-- Work order --
Answer with a bare number: the count of lines in the data below that contain the word "much".

-- Provided records --
========

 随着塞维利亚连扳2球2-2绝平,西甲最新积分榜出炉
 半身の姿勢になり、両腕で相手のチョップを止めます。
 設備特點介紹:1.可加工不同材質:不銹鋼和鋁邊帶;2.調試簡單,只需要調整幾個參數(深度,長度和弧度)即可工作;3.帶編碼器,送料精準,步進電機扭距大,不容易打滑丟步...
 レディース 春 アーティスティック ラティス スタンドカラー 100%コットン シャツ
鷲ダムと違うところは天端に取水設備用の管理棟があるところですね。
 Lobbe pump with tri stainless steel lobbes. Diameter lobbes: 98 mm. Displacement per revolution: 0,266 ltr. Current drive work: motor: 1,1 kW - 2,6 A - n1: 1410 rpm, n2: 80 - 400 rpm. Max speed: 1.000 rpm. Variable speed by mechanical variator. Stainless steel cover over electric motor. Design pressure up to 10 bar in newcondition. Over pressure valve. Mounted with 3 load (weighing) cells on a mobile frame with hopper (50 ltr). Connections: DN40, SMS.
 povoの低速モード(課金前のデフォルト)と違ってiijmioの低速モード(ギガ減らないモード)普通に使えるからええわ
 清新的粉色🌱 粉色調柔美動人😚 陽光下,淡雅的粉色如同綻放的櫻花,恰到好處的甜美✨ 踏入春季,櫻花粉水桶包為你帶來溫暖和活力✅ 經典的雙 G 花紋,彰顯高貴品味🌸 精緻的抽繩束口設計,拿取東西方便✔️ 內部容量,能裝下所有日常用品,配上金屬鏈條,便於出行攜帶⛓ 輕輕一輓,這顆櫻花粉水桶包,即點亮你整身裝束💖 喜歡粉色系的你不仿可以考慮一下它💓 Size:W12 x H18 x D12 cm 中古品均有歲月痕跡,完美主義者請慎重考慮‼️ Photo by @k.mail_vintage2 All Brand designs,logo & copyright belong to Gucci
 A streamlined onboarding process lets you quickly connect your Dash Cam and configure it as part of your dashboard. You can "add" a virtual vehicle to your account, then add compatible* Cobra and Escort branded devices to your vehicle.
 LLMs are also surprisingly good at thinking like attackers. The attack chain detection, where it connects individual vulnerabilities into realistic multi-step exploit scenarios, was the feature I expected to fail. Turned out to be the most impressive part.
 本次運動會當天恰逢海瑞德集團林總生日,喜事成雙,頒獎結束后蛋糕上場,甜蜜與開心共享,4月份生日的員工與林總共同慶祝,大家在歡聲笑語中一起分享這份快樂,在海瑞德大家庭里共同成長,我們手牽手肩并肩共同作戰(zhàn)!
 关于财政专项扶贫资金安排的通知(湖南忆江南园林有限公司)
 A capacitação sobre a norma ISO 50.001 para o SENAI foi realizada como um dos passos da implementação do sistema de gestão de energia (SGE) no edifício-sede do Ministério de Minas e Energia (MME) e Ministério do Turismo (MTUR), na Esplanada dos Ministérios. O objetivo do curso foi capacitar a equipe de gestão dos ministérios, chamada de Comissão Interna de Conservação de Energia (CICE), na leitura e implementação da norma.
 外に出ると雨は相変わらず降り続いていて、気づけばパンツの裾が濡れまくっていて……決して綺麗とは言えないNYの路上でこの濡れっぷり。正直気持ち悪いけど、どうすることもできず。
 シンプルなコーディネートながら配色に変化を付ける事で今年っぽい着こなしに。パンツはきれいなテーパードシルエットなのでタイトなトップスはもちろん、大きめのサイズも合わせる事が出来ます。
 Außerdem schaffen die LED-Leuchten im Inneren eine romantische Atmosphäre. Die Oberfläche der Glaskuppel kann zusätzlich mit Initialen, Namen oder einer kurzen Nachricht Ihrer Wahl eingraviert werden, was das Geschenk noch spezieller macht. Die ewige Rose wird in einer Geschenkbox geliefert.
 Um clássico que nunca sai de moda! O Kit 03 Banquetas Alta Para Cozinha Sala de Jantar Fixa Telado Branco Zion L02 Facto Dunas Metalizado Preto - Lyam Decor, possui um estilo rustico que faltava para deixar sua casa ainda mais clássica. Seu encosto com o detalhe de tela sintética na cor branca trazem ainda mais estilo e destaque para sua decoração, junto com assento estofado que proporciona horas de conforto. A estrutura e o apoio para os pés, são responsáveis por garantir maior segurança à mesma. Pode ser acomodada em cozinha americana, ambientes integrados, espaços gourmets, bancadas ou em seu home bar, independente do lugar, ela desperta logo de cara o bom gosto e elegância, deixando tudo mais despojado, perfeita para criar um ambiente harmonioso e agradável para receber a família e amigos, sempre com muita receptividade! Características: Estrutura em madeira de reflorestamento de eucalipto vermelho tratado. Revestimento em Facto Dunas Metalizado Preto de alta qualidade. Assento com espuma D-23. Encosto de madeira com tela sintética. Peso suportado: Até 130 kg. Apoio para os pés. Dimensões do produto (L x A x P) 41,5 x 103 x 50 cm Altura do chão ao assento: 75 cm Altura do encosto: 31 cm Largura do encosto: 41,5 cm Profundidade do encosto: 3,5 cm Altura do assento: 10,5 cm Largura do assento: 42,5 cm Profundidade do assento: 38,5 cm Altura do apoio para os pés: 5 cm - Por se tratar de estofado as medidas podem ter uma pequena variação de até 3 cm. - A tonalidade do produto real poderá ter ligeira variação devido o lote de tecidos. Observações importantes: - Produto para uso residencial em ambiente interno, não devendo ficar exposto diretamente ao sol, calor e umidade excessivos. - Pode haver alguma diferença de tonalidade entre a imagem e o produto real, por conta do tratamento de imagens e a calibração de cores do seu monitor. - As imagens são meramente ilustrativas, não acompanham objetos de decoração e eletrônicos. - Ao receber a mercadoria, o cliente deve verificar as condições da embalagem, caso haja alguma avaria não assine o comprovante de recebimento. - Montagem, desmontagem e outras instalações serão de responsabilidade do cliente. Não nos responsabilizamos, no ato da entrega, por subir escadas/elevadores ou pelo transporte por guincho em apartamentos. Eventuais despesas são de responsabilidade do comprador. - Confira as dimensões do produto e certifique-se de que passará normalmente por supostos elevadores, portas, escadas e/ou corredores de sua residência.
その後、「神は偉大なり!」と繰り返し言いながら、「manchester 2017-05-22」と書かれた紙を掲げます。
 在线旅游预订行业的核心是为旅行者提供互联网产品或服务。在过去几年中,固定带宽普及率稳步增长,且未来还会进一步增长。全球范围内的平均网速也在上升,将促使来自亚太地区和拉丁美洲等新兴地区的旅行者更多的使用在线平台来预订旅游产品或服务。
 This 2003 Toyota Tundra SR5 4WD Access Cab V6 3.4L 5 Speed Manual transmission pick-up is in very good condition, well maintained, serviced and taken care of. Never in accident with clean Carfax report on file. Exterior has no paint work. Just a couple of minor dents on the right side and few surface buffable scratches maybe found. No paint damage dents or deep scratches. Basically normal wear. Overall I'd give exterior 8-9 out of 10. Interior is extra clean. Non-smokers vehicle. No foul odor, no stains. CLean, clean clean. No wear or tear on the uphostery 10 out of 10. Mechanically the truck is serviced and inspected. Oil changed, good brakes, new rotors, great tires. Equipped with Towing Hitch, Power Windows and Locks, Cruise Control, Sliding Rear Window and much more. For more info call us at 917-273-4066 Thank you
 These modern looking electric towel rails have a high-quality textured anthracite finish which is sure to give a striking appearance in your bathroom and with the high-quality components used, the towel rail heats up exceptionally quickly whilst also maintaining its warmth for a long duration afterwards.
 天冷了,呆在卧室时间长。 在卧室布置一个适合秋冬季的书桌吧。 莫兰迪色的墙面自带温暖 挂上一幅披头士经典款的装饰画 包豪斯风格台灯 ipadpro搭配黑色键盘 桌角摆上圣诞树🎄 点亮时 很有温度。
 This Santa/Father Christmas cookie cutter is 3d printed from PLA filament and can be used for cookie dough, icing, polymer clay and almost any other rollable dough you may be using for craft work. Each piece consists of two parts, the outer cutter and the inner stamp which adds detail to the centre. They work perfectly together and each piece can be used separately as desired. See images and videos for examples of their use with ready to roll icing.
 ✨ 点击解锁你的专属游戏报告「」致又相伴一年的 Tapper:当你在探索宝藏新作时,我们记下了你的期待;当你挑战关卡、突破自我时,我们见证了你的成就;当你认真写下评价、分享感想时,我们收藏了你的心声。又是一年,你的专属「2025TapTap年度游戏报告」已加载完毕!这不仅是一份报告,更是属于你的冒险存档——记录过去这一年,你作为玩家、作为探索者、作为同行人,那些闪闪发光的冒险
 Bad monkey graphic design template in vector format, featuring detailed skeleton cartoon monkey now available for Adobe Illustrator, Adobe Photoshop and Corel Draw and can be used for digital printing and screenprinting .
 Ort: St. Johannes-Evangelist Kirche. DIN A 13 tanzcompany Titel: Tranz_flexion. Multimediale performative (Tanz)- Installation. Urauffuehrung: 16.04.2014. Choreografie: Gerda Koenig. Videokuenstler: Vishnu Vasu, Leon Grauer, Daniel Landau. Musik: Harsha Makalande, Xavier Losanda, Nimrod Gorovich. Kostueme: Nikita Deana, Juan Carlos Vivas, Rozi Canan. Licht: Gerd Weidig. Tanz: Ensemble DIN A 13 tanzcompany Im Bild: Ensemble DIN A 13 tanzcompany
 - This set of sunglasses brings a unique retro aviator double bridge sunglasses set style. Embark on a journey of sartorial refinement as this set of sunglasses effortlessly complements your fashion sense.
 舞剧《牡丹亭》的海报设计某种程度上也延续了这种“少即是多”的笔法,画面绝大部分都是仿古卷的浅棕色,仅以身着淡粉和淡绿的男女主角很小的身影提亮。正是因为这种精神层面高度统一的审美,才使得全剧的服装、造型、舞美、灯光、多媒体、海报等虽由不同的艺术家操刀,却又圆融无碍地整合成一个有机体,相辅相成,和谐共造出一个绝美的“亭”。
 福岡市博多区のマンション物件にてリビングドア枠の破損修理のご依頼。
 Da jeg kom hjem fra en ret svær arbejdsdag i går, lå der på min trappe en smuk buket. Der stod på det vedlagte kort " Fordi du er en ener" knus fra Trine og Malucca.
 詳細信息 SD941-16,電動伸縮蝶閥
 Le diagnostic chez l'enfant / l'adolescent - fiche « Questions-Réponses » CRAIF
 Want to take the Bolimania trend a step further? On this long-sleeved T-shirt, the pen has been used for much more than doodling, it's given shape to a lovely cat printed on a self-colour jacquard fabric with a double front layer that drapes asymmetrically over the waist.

========

-- Answer box --
2